Despite this growth opportunity, Vistra’s stock price is actually higher than Nvidia’s at the moment, trading at a price-to-earnings ratio of 100, but analysts expect earnings to increase through 2025. . However, energy prices are notoriously difficult to predict.
Alphabet and Amazon’s announcements this week helped boost nuclear stocks. These are signs that leading technology companies are working to ensure they have the right sources of clean power for their data center needs.
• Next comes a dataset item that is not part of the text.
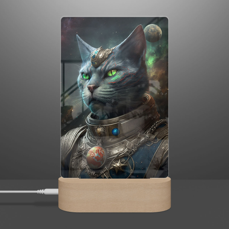 Součástí balení je akrylové sklo dle výběru, dřevěný RGB LED stojánek a napájecí USB kabel.

Vistra could fit into your AI portfolio. However, given the recent surge, I think it makes more sense to wait for the stock price to rise before buying the stock.
Druckenmiller seems to agree with that opinion. After buying stocks for three consecutive quarters, he took a break in the second quarter, perhaps thinking the price had already risen significantly.
John Mackey, former CEO of Amazon subsidiary Whole Foods Market, is a member of the Motley Fool’s board of directors. Suzanne Frey, an Alphabet executive, is a member of the Motley Fool’s board of directors. Jeremy Bowman has a position at Amazon. The Motley Fool has positions in and recommends Alphabet, Amazon, and Nvidia. The Motley Fool has a disclosure policy.